Broken Access Control has been the number one vulnerability in OWASP Top 10 since 2021. Every third web application has authorization problems — users access data they don’t have permission to.
What is Broken Access Control¶
Access control ensures that users can only do what they’re authorized to do.

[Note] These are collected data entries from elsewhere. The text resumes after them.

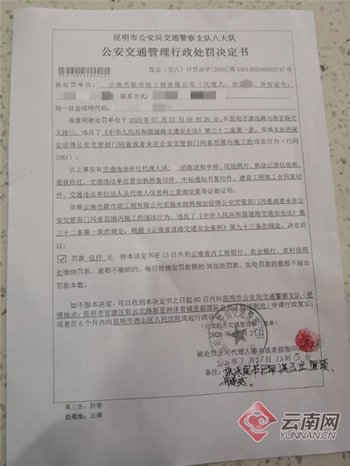 經(jīng)調(diào)查證實,施工方為云南杰聯(lián)市政工程有限公司,施工項目為滇池路度假區(qū)道路及其附屬設(shè)施提升改造工程,施工方在圍擋占用道路施工影響交通通行時,并未征得公安交通管理部門的同意。
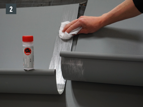 Die Verbindung kann als Klebe- oder Nietverbindung hergestellt werden. Genietete Verbindungen sind zusätzlich mit PREFA Spezialsilikon abzudichten.
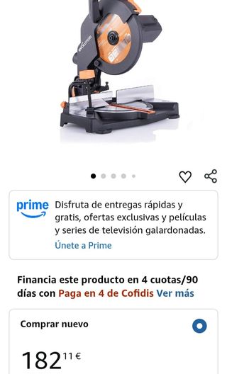 PVP Amazon 370€!!!.Nueva sin abrir la caja.Posibilidad de garantía de un año.Ingletadora Evolution R255SMS-DB. - Disco de corte. - Base de aluminio. - Asa de transporte. Evolution Power Tools R255SMS-DB ingletadora, Sierra ingletadora deslizante multimaterial de 255 mm, con doble bisel y paquete plus, hasta 300 mm x 90 mm, 5° a izquierda y derecha, inglete de 50° Ingletadora Evolution R255SMS-DB en color negro y naranja. - Disco de corte incluido. - Base robusta para mayor estabilidad. - Asa de transporte ergonómica.
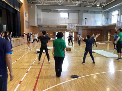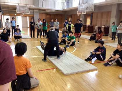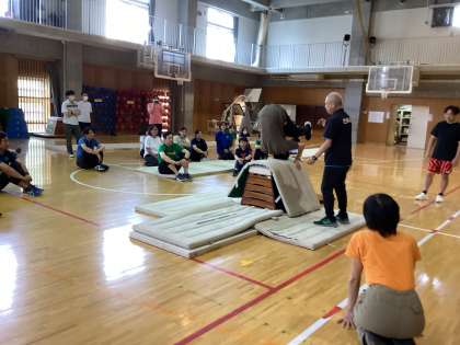 今年度の校内研究は、体育について学んでいきます。今日は準備運動や体つくり運動のポイント、マットの主運動につながる動きや台上前転・頭跳ね飛びのコツ、児童間でアドバイスをし合う活動の進め方などについて学びました。自ら体験しながら、指導するうえで重要なことをわかりやすく学ぶことができました。
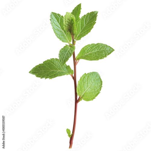 Mint: Fresh mint leaves on a stem, showcasing their vibrant color.
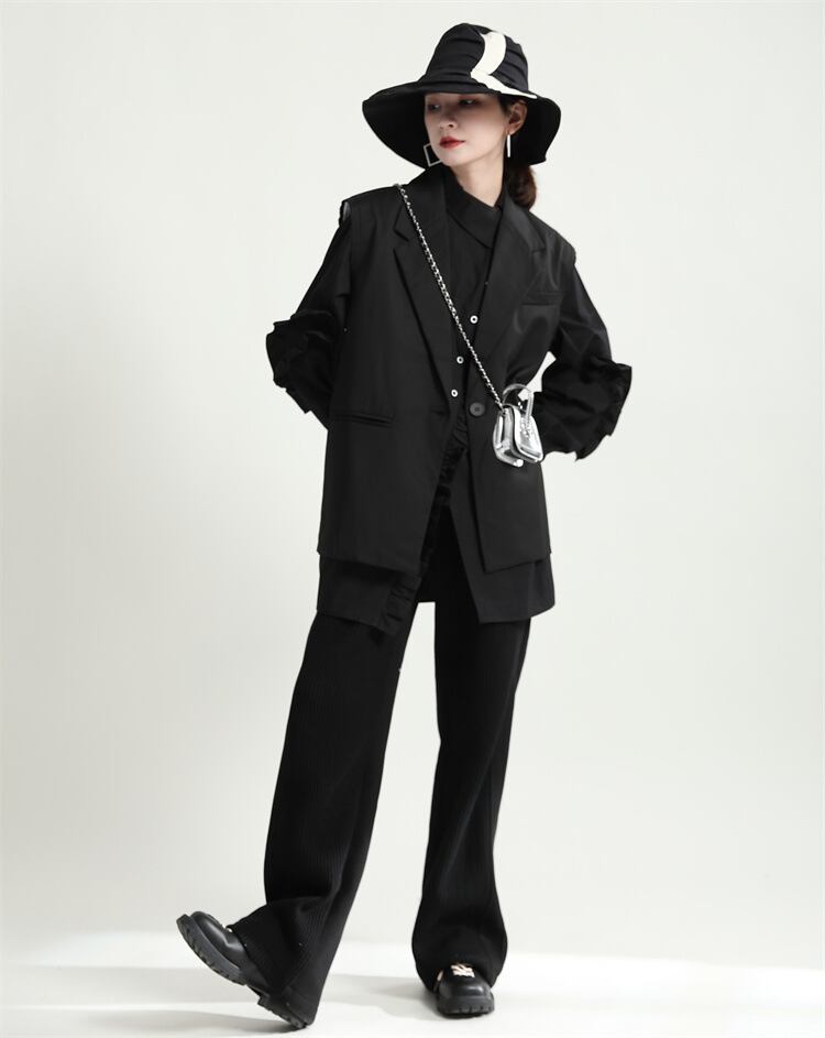 アシンメトリーなデザインが個性的で、袖コンシャス仕様で着用することでおしゃれさと存在感を引き立てます。
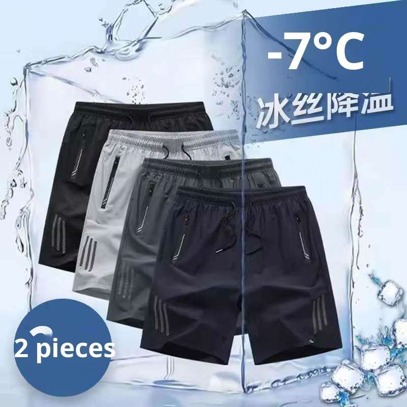 กางเกงกีฬาขาสั้นสำหรับผู้ชาย, เสื้อผ้าลำลองกลางแจ้งแห้งเร็วขนาดใหญ่พิเศษย้อมธรรมดาทรงหลวมพอดีตัวฤดูร้อน
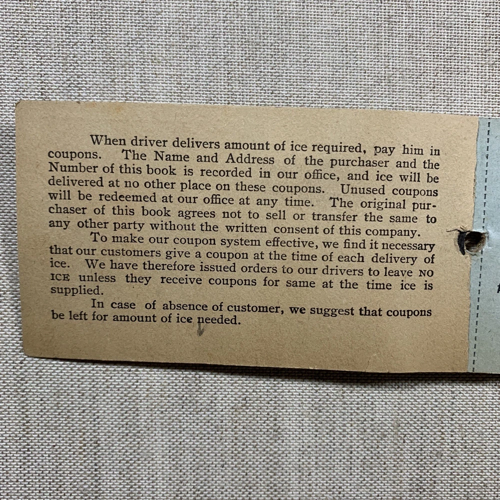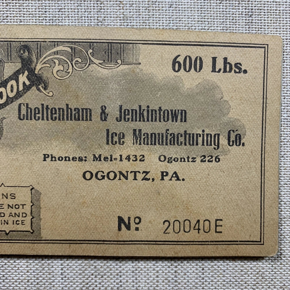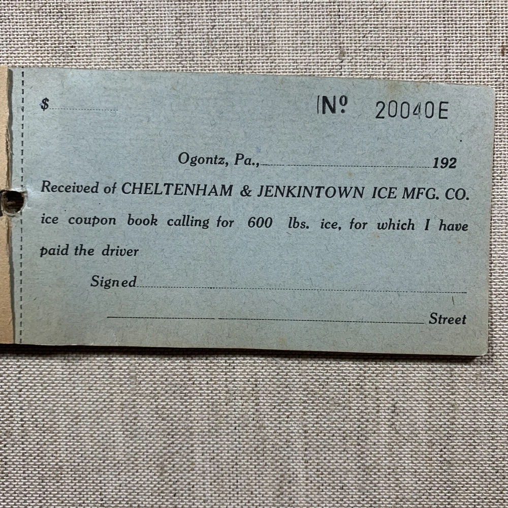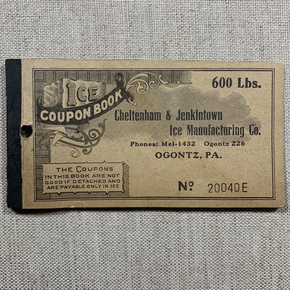 Vintage Cheltenham & Jenkintown Ice Manufacturing Co Coupon Book 1920’s. Ogontz, Montgomery County, PA. Empty Coupon book for 600 lbs of ice. The only date found in the booklet is “192_”. The cover is partially loose, and all of the coupons have been used.

Broken access control occurs when the application doesn’t perform this check correctly — users can modify others’ data, access admin interfaces, or escalate their privileges.
Typical Attacks¶
- IDOR (Insecure Direct Object Reference): Changing ID in URL — /api/users/123 → /api/users/456
- Forced browsing: Direct access to /admin without role check
- Parameter tampering: Changing role in POST request — role=user → role=admin
- Path traversal: Access to files outside allowed directory
Example of Vulnerable Code¶
// ❌ BAD — no ownership check
app.get('/api/orders/:id', async (req, res) => {
const order = await Order.findById(req.params.id);
res.json(order);
});
// ✅ GOOD — ownership check
app.get('/api/orders/:id', async (req, res) => {
const order = await Order.findById(req.params.id);
if (!order || order.userId !== req.user.id) {
return res.status(403).json({ error: 'Forbidden' });
}
res.json(order);
});
Prevention¶
- Deny by default — everything forbidden unless explicitly allowed
- Authorization check on server, never just on client
- Use RBAC or ABAC for permission management
- Log all unauthorized access attempts
- Automated authorization tests in CI/CD
Middleware pattern¶
const authorize = (allowedRoles) => { return (req, res, next) => { if (!req.user || !allowedRoles.includes(req.user.role)) { return res.status(403).json({ error: ‘Insufficient permissions’ }); } next(); }; }; app.delete(‘/api/users/:id’, authorize([‘admin’]), deleteUser);
Key Takeaway¶
Access control belongs on the server. Every endpoint must verify whether the current user has the right to perform the given action. Deny by default, log attempts, test automatically.